给定$ \ Mathbb {r}^d $中的$ n $点的集合，$（k，z）$ - 聚类问题的目标是找到$ k $“中心”的子集，以最小化$ z $ th powers of to to to to to to to to to to to to to to to to to to to to to to to to to to， $（k，z）$ - 聚类问题的特殊情况包括$ k $ - 米德式和$ k $ - ameans问题。我们的主要结果是一个统一的两阶段重要性采样框架，该框架构建了$（k，z）$ - 聚类问题的$ \ varepsilon $ -coreset。与[Feldman和Langberg，STOC 2011]中的$（K，Z）$ - 聚类的结果相比，我们的框架节省了$ \ Varepsilon^2 D $ factor coreSet尺寸。与[Sohler and Woodruff，Focs 2018]中的$（k，z）$ - 集群的结果相比，我们的框架节省了核心尺寸中的$ \ operatatorName {poly}（k）$ factor，并避免了$ \ exp（k/\ varepsilon）$在施工时间中。具体来说，我们的$ k $ -Median（$ z = 1 $）的核心具有$ \ tilde {o}（\ varepsilon^{ - 4} k）$，与[Sohler and Woodruff，Stoc，Stoc，2018年]相比，这将其保存在核尺寸中。

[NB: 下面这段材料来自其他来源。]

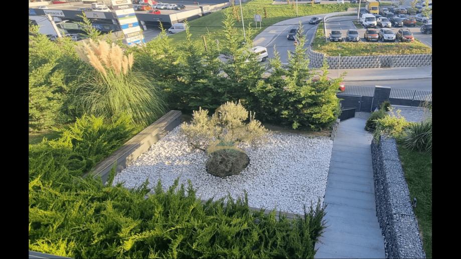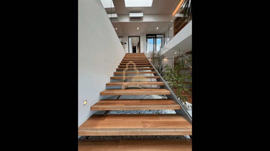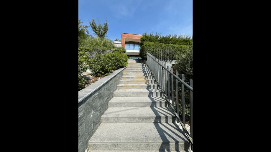 Smještena je na parceli od 1.115 m2 jedinstveno uređene okućnice, s pomno biranim zelenilom koje svojim smještajem i razgranatošću osigurava stanarima privatnost i povezanost s prirodom.

我们的算法结果依赖于一种新的降低性降低技术，该技术连接了两个众所周知的形状拟合问题：子空间近似和聚类，并且可能具有独立的兴趣。 We also provide a size lower bound of $Ω\left(k\cdot \min \left\{2^{z/20},d \right\}\right)$ for a $0.01$-coreset for $(k,z)$-clustering, which has a linear dependence of size on $k$ and an exponential dependence on $z$ that matches our algorithmic results.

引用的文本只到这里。